Going to jail curtails freedom. Becoming frail and needing concentrated medical attention requires a nursing home. In both cases, in my opinion, freedom is restricted.
The prisoner through his actions and life choices is locked away and denied freedom. Prisoners, however, have a right to appeal and have legal aid; sometimes I think their rights may be more easily available than the nursing home residents are.
Unless the older person has a determined an observant advocate; someone who keeps a close watch on their care and welfare, then the resident may suddenly be lost in the system with their basic needs ignored.
Nutrition is a huge consideration. If you compare the array of foods available on a prison diet, which is usually good fresh food and plenty of it, and in some prisons the inmates can even buy and prepare their own.
Compare that with some nursing homes, where an evening meal can comprise of a rather small meat pie or a grey-coloured unappetising blob of scrambled egg! There are good and bad examples of course, and I have worked in nursing homes where the food was excellent.
The biggest problem concerning nourishment is to actually get the patient fed. Dementia, swallowing difficulties and medical conditions are a big stumbling block and to properly feed someone can be time consuming.
Time is of the essence with nursing staff. They are often overworked. I’m aware of restrictions being implemented for things such as feeding and showering of residents.
With up to a dozen patients needing feeding the staff can have a lot of their time taken up which makes it difficult to complete other tasks. I recall one home saying it had a limit of 6 minutes per person for showers. Is this adequate?
In the past, I was given enough time to shower a resident (their clothes would be placed on the pipes to warm), after drying and dressing I still had time to rub in cream for their dry skin and take extra care. We even did their hair and applied a little make-up if they wanted it. I doubt such attention is given today, though I’m not pointing the finger at any of the nursing staff.
What about legal issues if they arise? There will be a nice glossy lawyer ready to claim a fee and fight for the prisoner’s rights. They aim for a good result, claiming of course that the deprived childhood of the prisoner had an effect on their poor behaviour. In my opinion, too many violent prisoners are back out on the streets, in a stupidly short time, with sad results for the public.
If on the other hand if a nursing home resident has been treated badly, where are the concerned relatives? Sometimes there are none. In circumstances where the person has reached the age of 90 or 100, I wonder who is left to be actively engaged in their lives. In my experience, finding a family member to fight for the cause of a loved one in nursing care can come down to sheer luck.
I’ve seen situations where a person had become isolated from family and friends long before they went into care anyway. I recall a famous jockey who I cared for, he had no visitors ever, yet when he died and the press got hold of it, hundreds of people attended the funeral. I just wished they had gone to visit him before his demise.

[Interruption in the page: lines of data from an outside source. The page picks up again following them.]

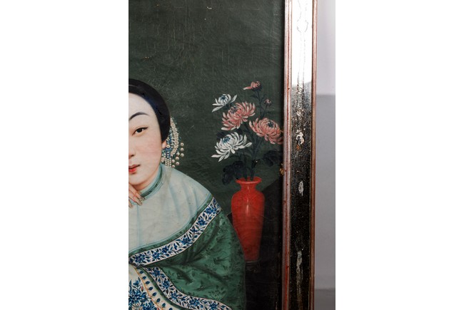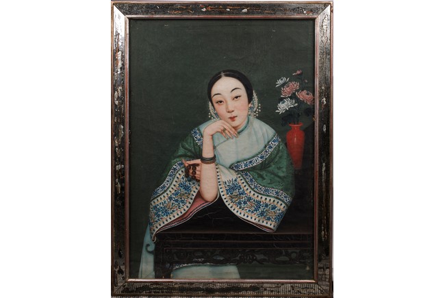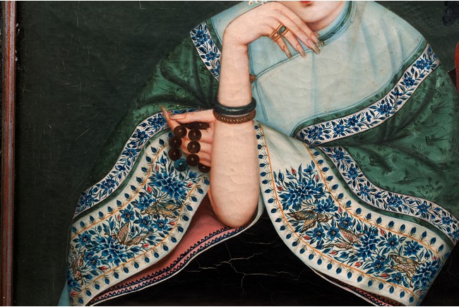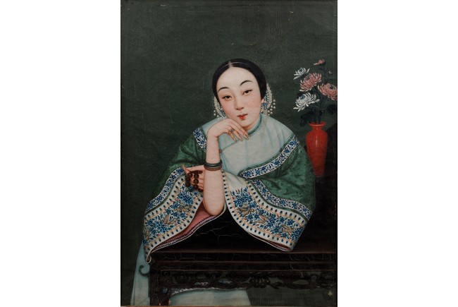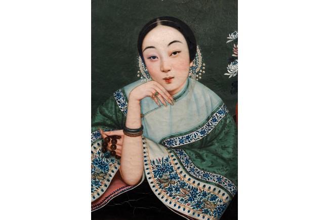 Oil on canvas, depicting the lady seated, wearing pale blue and green embroidered robe, one hand supporting chin, the other holding a rosary bead bracelet, adorned with jewellery on her wrists, fingers, ears and hair, the face with porcelain like complexion and eyes with direct gaze and slight smile. Qing Dynasty period.
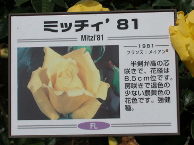 ミッチイ’81 イエロー 2013.08.292025.10.29 Mitzi 81 5月21日 谷津バラ園 別名 ミッチイ81 ミッチー’81 種類 F フロリバンダ 作出・発表年 1980以前 作出者 Meilland, Alain 作出国 フランス 受賞 親子関係 メモ 名札 谷津バラ園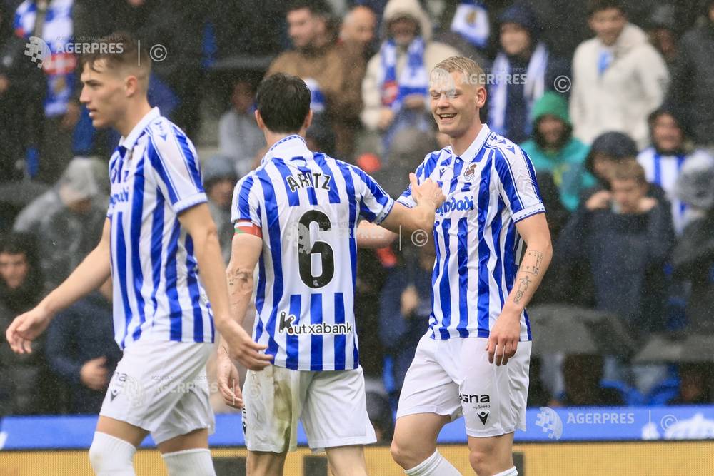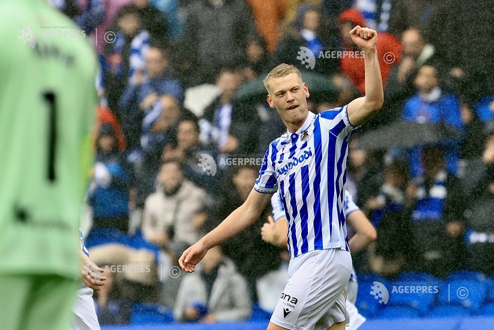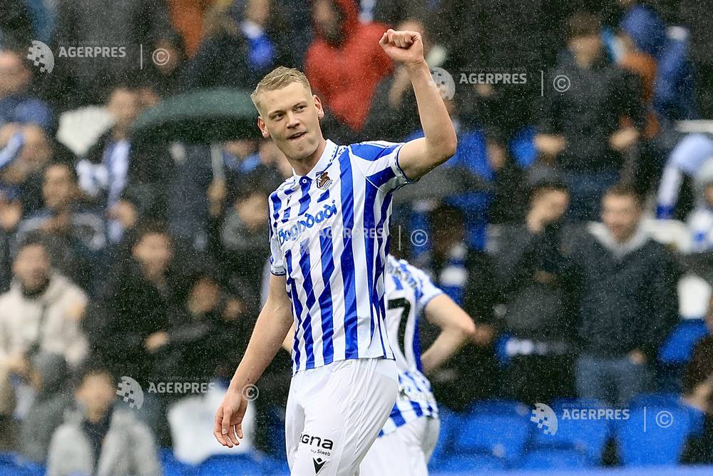 epa12882693 Real Sociedad's Orri Oskarsson celebrates after scoring against Alaves during the Spa...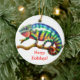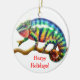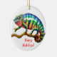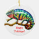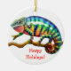 Original fine art design of a colourful Panther Chameleon by illustrator Carolyn McFann of Two Purring Cats Studio on a quality holiday ornament for herp (reptile) lovers.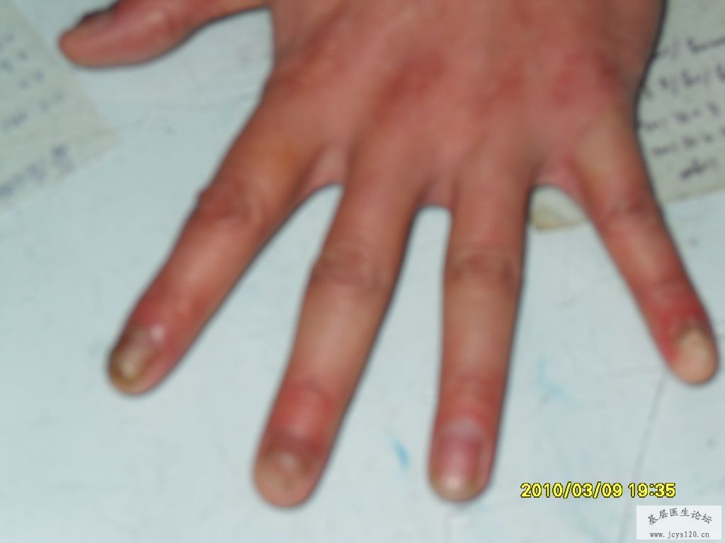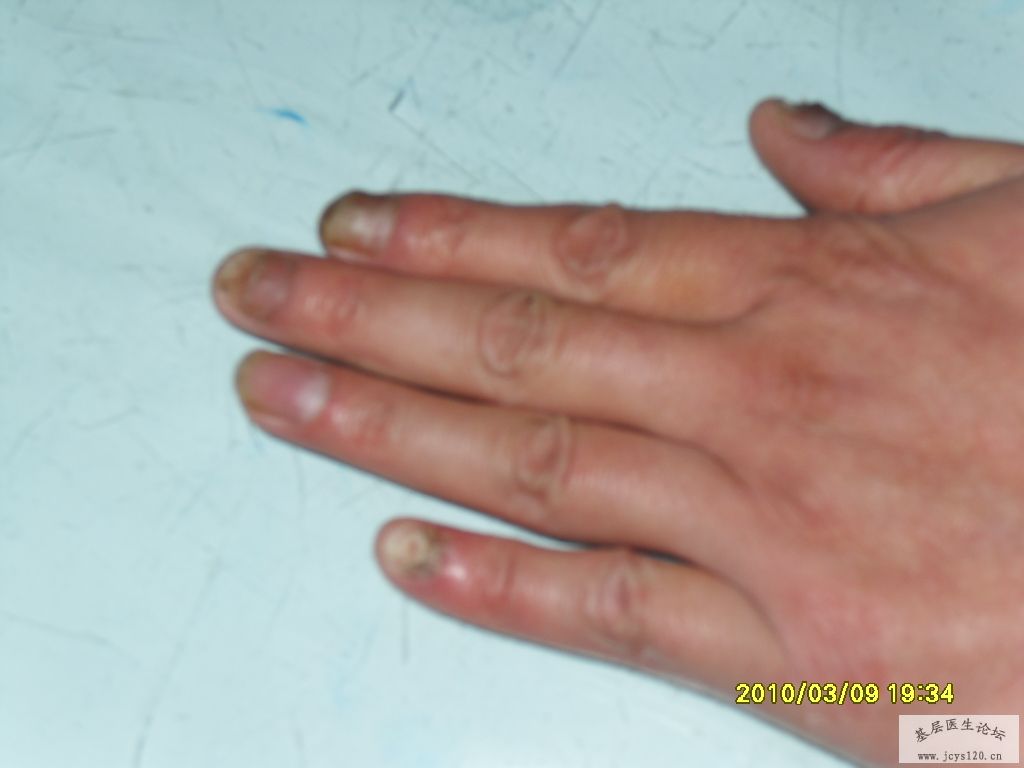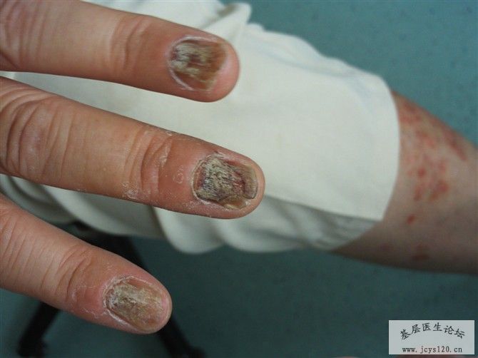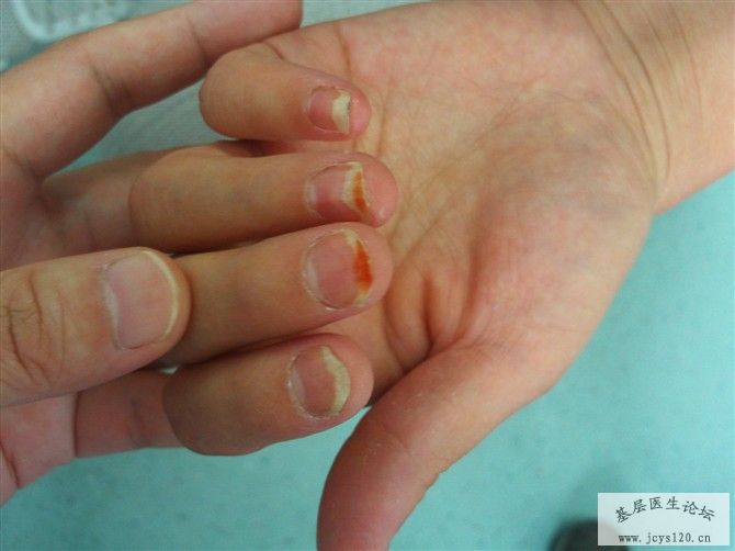 非常感谢降紫琳枫的参与。我看到县、市有不少专治甲病的连锁店,一天的纯收入不次于一个门诊,而且诊断有误,为此征集甲病,告诉大家的鉴别、诊断与治疗,提高自己的业务水平,增加同事们的收入。 甲真菌病(灰指甲)是由皮肤癣菌和皮肤癣菌以外的真菌包括酵母菌等均可侵犯甲板,所引起的指、趾甲感染统称为家真菌病。 临床表现为甲板增厚、变色、混浊、无光泽、缺损、表面凸凹不平、甲分离、脱落,或伴甲沟炎。临床上分为四种类型【1】浅表白色型甲真菌病 【2】远端侧位甲下型甲真菌病【3】近端甲下型甲真菌病【4】全营养不良型甲真菌病。 治疗要点 【1】局部治疗 【2】系统治疗 主要是内服抗真菌药,一般适用于病情较重或病甲较多者。【3】联合治疗。 伊曲康唑 200mg bid 每月七天,一个疗程,连服3个疗程。 阿莫罗芬甲涂剂 外用 每周一次或40%冰醋酸溶液 外用 tid 鉴别诊断 应与甲营养不良、银屑病、慢性湿疹等引起的甲病相鉴别。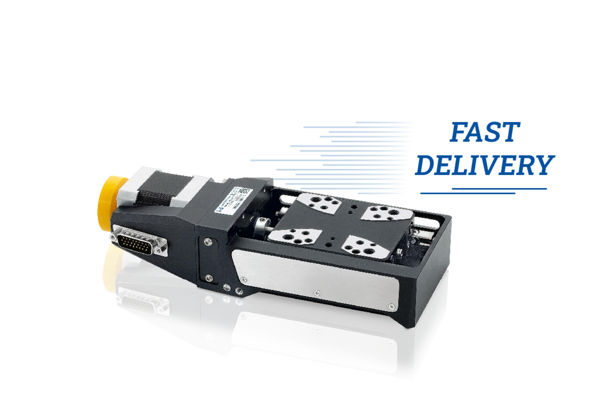 Precision linear stage; DC motor; 26 mm travel range; 100 N load capacity; 50 mm/s maximum velocity; ball screw; incremental rotary encoder, A/B quadrature, RS-422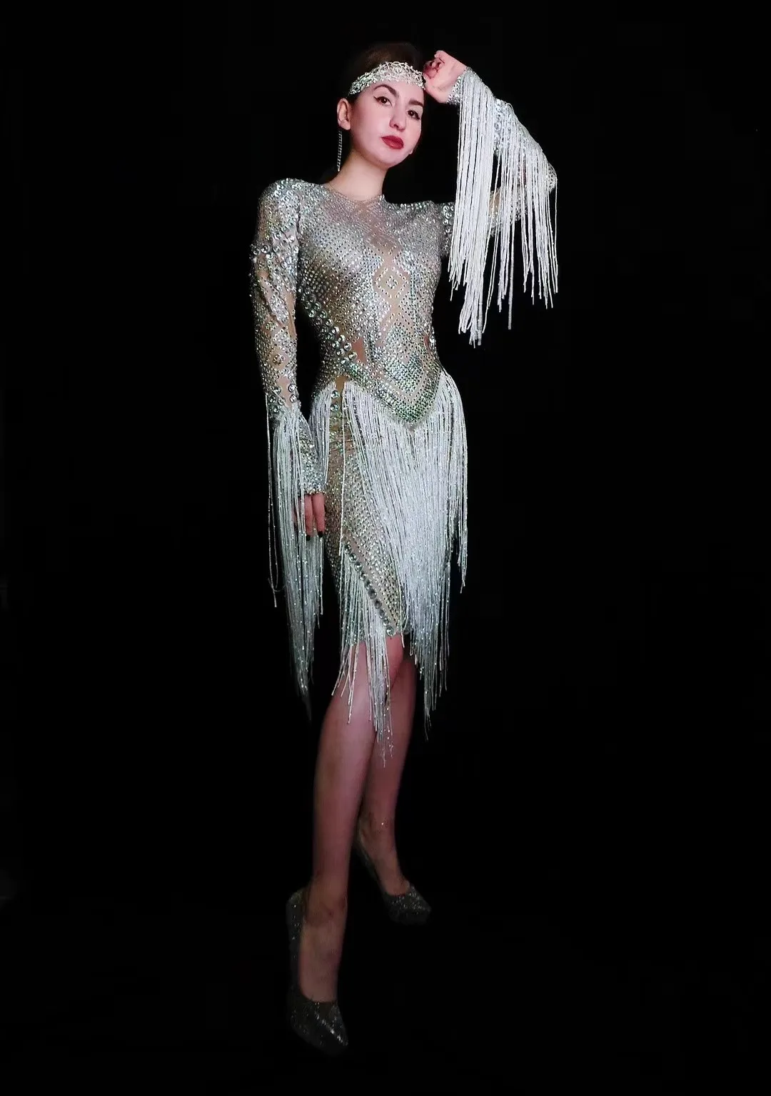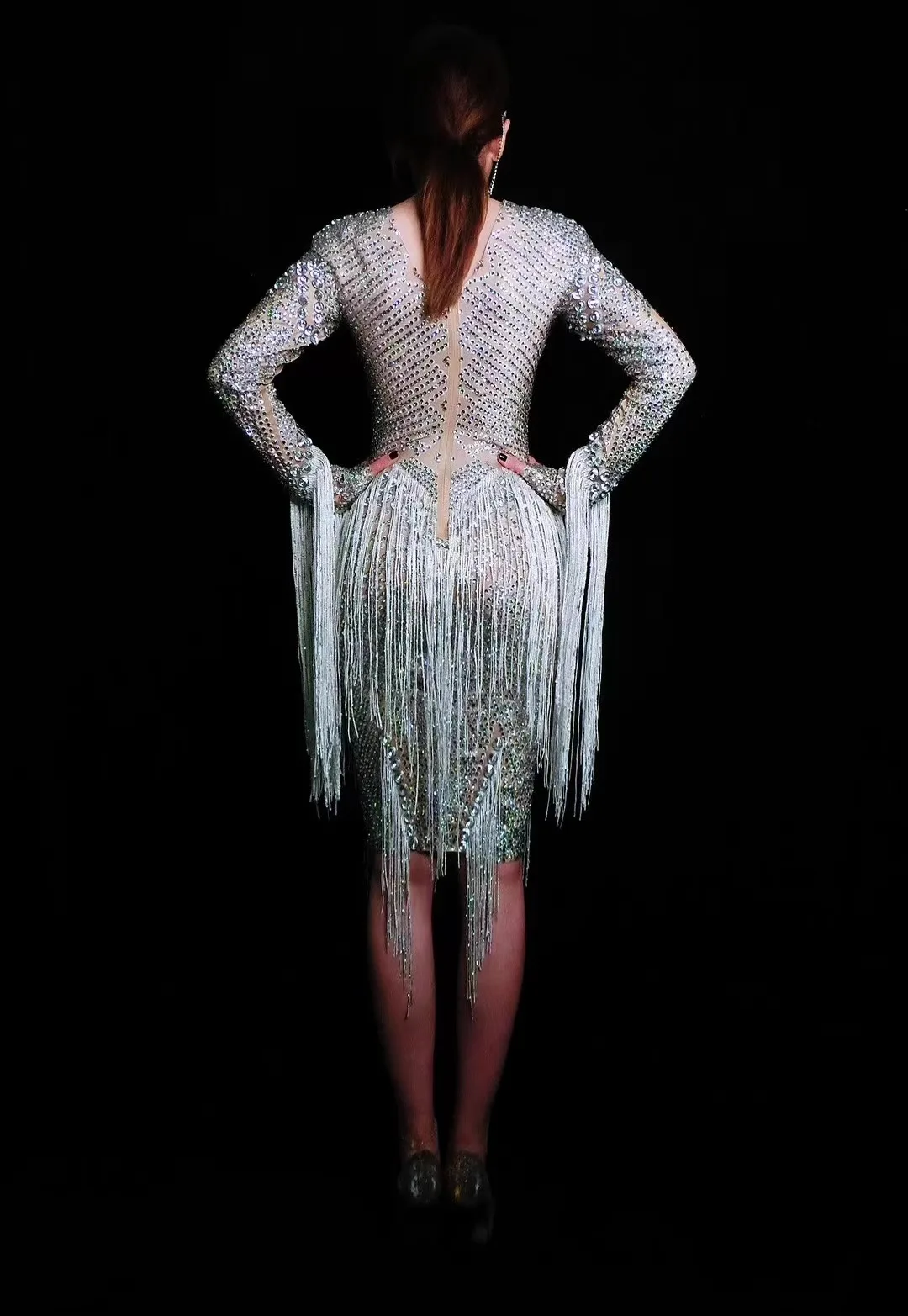 Женская танцевальная модель автомобиля, эластичная короткая юбка с кисточками и стразами, вечернее платье, одежда для выступлений и сцены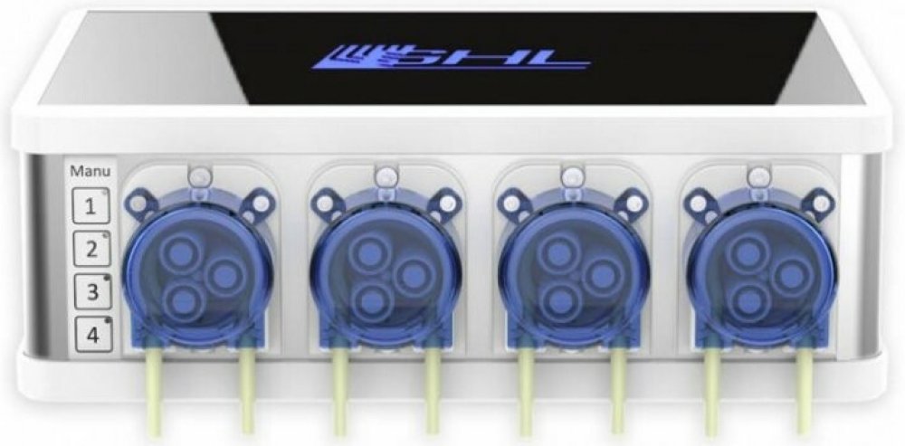 GHL Doser 2.1 Slave je vysoce kvalitní dávkovací zařízení s 4 přesnými pumpami, navržené pro automatické dávkování kapalin ve vašem akváriu – od hnojiv, přes stopové prvky až po Balling soli, krmiva či doplňování odpařené vody.
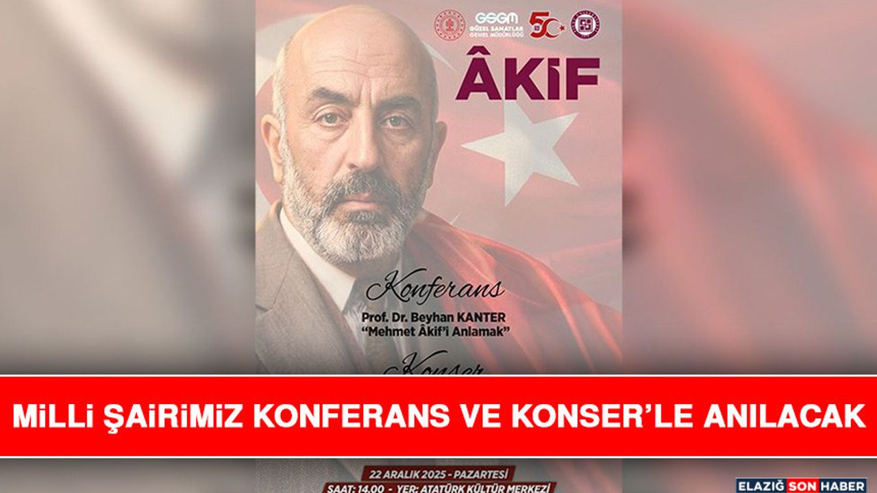 Fırat Üniversitesi ve Elazığ Devlet Klasik Türk Müziği ve Kürsübaşı Topluluğu tarafından “Mehmet Âkif’i Anlamak” konulu konferans ile “Mehmet Âkif Ersoy’un Bestelenmiş Şiirleri” adlı konser gerçekleştirilecek.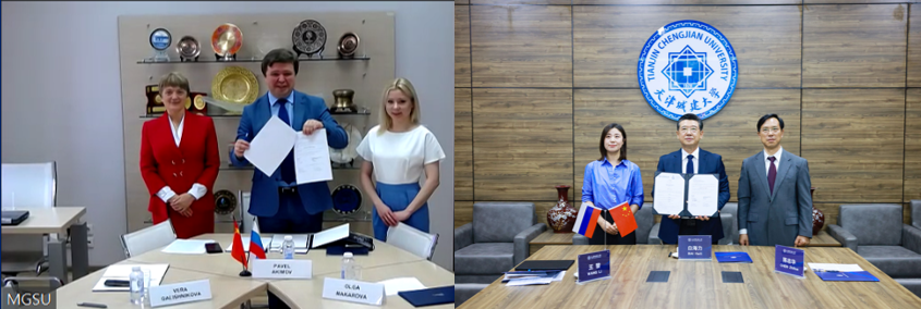 为服务国家发展战略,协同促进高质量科技创新,加快多元化教育融合,推进“一流”学科建设,6月16日,bv伟德与俄罗斯莫斯科国立建筑大学举行线上会议,正式开启战略合作。bv伟德校长白海力与莫斯科国立建筑大学校长Pavel Akimov代表两校签署合作框架协议,副校长陈志华与莫斯科国立建筑大学副校长Vera Galishnikova分别就两校未来合作深入交换意见,两校国际交流处负责人参加会议,共同见证这一重要时刻。白海力表示,中俄两国教育领域的合作与交流稳步推进,并取得了丰硕的成果,bv伟德积极对接海外优质资源,不断探索与俄罗斯相关高校的合作,共同服务“一带一路”建设,莫斯科国立建筑大学是bv伟德在俄罗斯建立的首个友好院校,对于bv伟德的国际交流工作意义深远,希望未来充分发挥两校学科优势,全面推进两校在师生互换、学术交流、联合培养等领域的务实合作。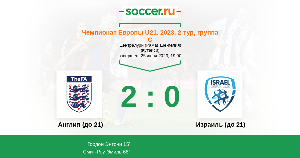 Протокол матча Англия (до 21) против Израиль (до 21)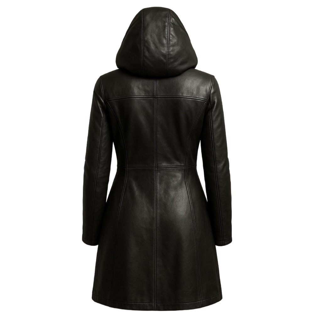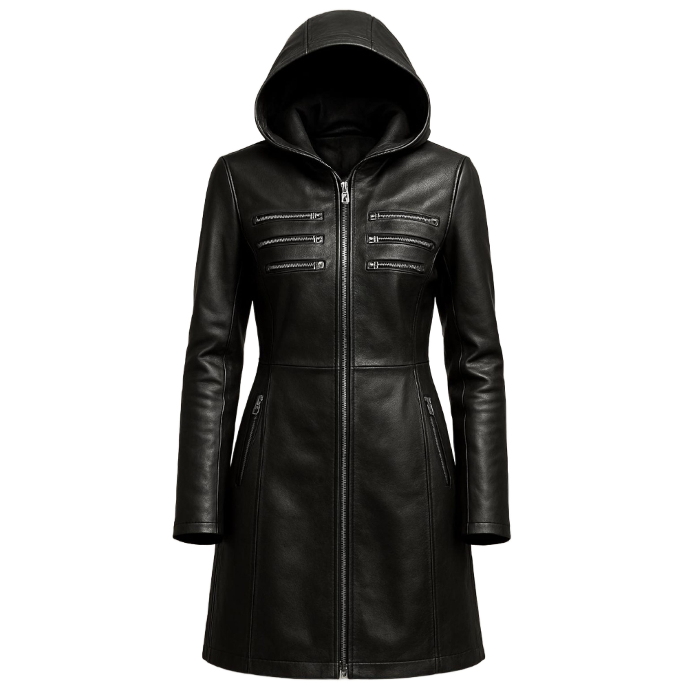 Women’s Black Hooded Faux Leather Longline Moto Coat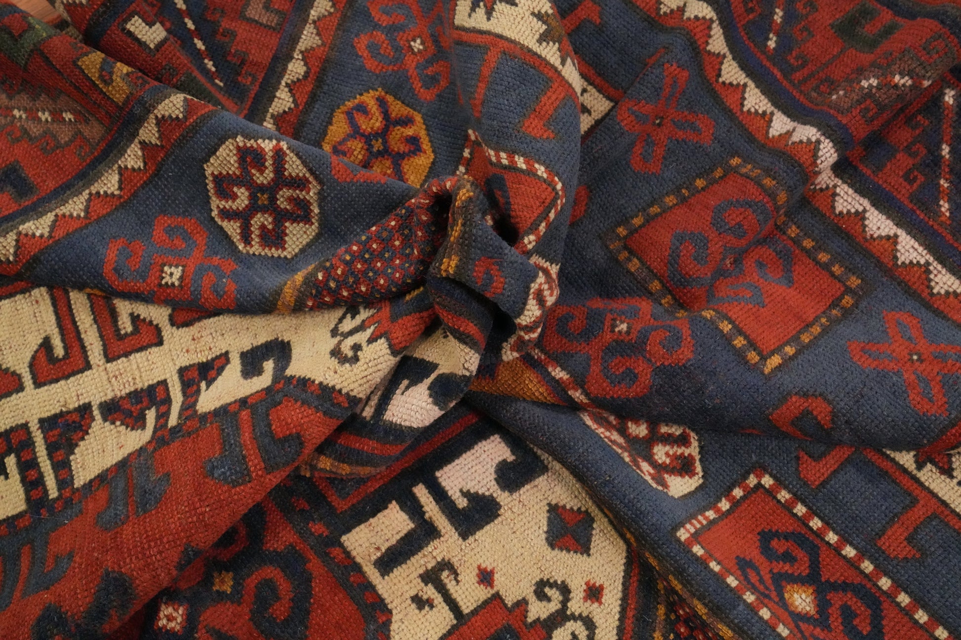 A Beautiful Genuine Russia Kazak rug is Hand Knotted by skillful weavers in Russia with 100% Wool Material. This rug is in Very Good (Evenly Low Pile) condition. dimensions are 6' 11'' X 5' 2'' in foot and 211 X 157 in centimeter. the primary color is Navy Blue & Blues.

I sometimes consider prison being a better place! You’ve access to legal aid, counsellors and health visitors, your dietary, dental and health care requirements are met, you can watch television or choose from a range of sports on offer. Nursing homes on the other hand endure staff shortages and cuts to food and medical supplies, doctors speak of being ‘rushed’ and some medical staff are not adequately trained to deal residents’ issues, such as dementia! There is often inadequate food and visitors tend to dwindle as the resident ages.
When I worked in the system, I used to run activities with another carer, it was fun, but times changed. There are those who come to nursing homes at a later stage of life and are not able to participate in activities, but there have also been changes to health and safety rules that mean a lot of activities are no longer suitable! Lack of staff and funding reduces the number of choices for residents and this leads to fewer meaningful activities being offered.
It seems strange to me that a forbidding place, such as a prison, affords more opportunities to inmates than a nursing home does to its residents. Don’t our elderly deserve better?